Kambli is the noise of part-success facing the silence of success; he is the friend who remains though he got left behind. But he is still Kambli, the only hyphen in the Sachin legend. The fable of Shivaji Park would be incomplete without Kambli; the shade of regret in a saga of success. The middle-class history of Shivaji Park is less ruthless. It has a place for him too.

As the legend grows, the fables diversify. Sachin appears relentless. He looks perennial at thirty, which is old age in cricket. While others move to graceful retirement, turn from heroes to storytellers, our legend grows. Ganguly, Dravid and Laxman are virtually gone. At 36, Sachin is naturally the grandfather of the team. He commands respect and the young ones sense he might still be playing when they are gone. What makes Sachin a legend is the way he has mastered time.

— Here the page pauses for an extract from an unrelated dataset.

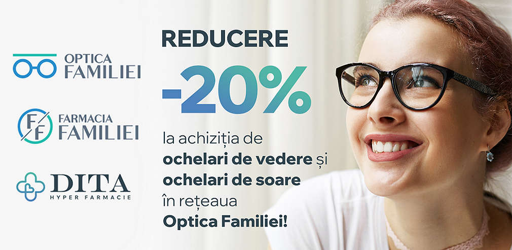 Beneficiază de 20% reducere la achiziția de ochelari de vedere și ochelari de soare în rețeaua Optica Familiei!

A cricketing career occurs in escalated time. It represents speed. It is demanding. Wounds recur and the body screams. A middle-class , middle age stodginess is tempting. Even the perennial Sachin realizes he is no longer young. His brilliance lies in the way he reconstructs himself.

The middle class suffers from the mid-life crisis of nostalgia. Sachin is a twice born genius who reconstructs his game, reinvents himself for a new era. The Dhonis and the Harbhajans know his body is a match for theirs. The discipline is almost spiritual. It cannot be reduced to diet, or exercise, or to any technique. It is a mindset which refuses nostalgia, the hypochondria of the middle class.

It is not a hunger for runs; it is a hunger for perfection. Sachin challenges the mental arthritis in every middle-class Indian, the urge to settle down and be slow. A mindset where success turns into the fatty tissue of contentment. Sachin is Indian cricket’s only perpetual mobile. He is the body fantastic.

Sachin might be a millionaire many times over, but he represents middle-class values. In fact, the advertisements provide the cultural frame for him in the public domain. The advertisements almost seem to provide a prosthetic of speech for him. Boost, Pepsi and Aviva emphasize energy, mobility, prudence, skill, a social framework for middle-class success. It is an ode to children growing right, whose dreams come true.

He is a childhood dream incarnate. Sachin, the name sounds right for desi values, desi competence, for success in a global world. Boost plus Shivaji Park propels you into a world beyond what IIT and IIM can prepare you for - the leap of fame. To blue-chip security, which the middle class dream and advertisers can only offer as scenarios. There is a seriousness to cricket. Even laughter is embroidered only as a second thought. It substitutes for music, medicine or science as a profession. It is less erratic than Bollywood, more secure than crime.

Advertisements create the substitute sociology of family life, professional knowledge and financial prudence that accompanies this genius, banalizing him through middle-class ambitions. A genius is caught like a fly in a third-rate sociology. But it is only such banality scented with consumerist romance that allows us to reclaim
him. This is the sadness of genius and the irony of sociology.

Sachin holds the One-day record for the most number of scores (17) in the 90s. He is the only player to be dismissed on 99 thrice - once each against South Africa, England and Pakistan. Grant Flower, Nathan Astle and Aravinda de Silva share the second spot with nine 90-plus scores each.